The Multicultural Student Affairs staff developed the idea for the two-day event following discussions with students about how to make the university environment more inclusive.

“We had been talking to students for quite a while about what can the University of Miami do, what can our office do that moves forward President Frenk’s agenda of creating a culture of belonging, while also educating each other and providing opportunities for authentic dialogue,” said Renee Callan, director of programs for MSA.

Callan, alongside Assistant Director of Programs for MSA Junior Pena, approached students Amber Tavakoly and Frankie Hedgepeth with their initial idea in 2017. Tavakoly and Hedgepeth took it upon themselves to make the idea a reality for the spring 2018 semester. Co-chair Tavakoly, a junior, said the symposium is meant to open communication between groups of students to discuss hot-button issues.
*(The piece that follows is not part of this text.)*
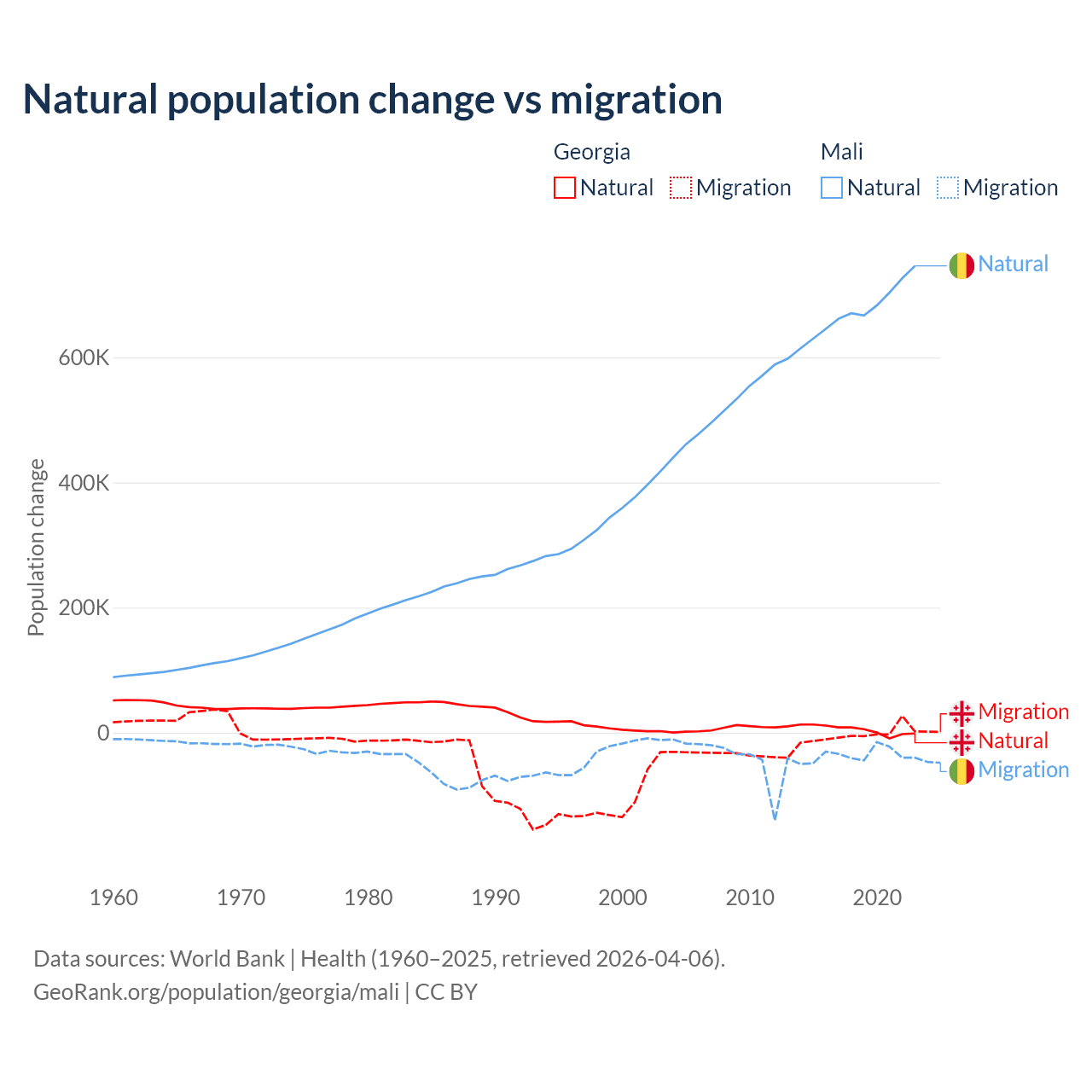 Over the last 10 years, 57.7% of the population change in Georgia is from natural causes (a gain of 47,646 people) and 42.3% is from migration (a loss of 34,907 people). In Mali 94.9% is from natural causes (a gain of 6,749,473 people) and 5.13% is from migration (a loss of 365,292 people).

“It’s been a time of reckoning in many different ways,” said Tavakoly, a psychology major. “There are definitely conversations that have to be had, that unfortunately, don’t seem to be salient on campus. There’s been a lot of milestones and barriers that have been broken in terms of adversity but there’s still repercussions of centuries of oppression.”

The symposium, that has over 150 participants registered, will begin 6 p.m. Jan. 26 and will continue 9:30 am to 4:30 pm. on Jan. 27. The two-day event will kick off with a networking reception where participants will be able to meet and converse with each other as well as guest speakers, including Associate Vice President for Student Affairs and Dean of Students Ryan Holmes and editor-in-chief and co-founder of Very Smart Brothas Damon Young. The second part of the event will feature speakers and workshops to facilitate discussion about topics such as identity, navigating career paths and and social justice issues.

Tavakoly said the event is named for the people they want to invite and uplift: students of color.

“We just want to address the nuances that means to be a student of color, but it’s not meant to alienate who don’t identify as students of color at all,” Tavakoly said. “More than anything, we just want people to know that this will be a space where topics that affect students of color will be addressed.”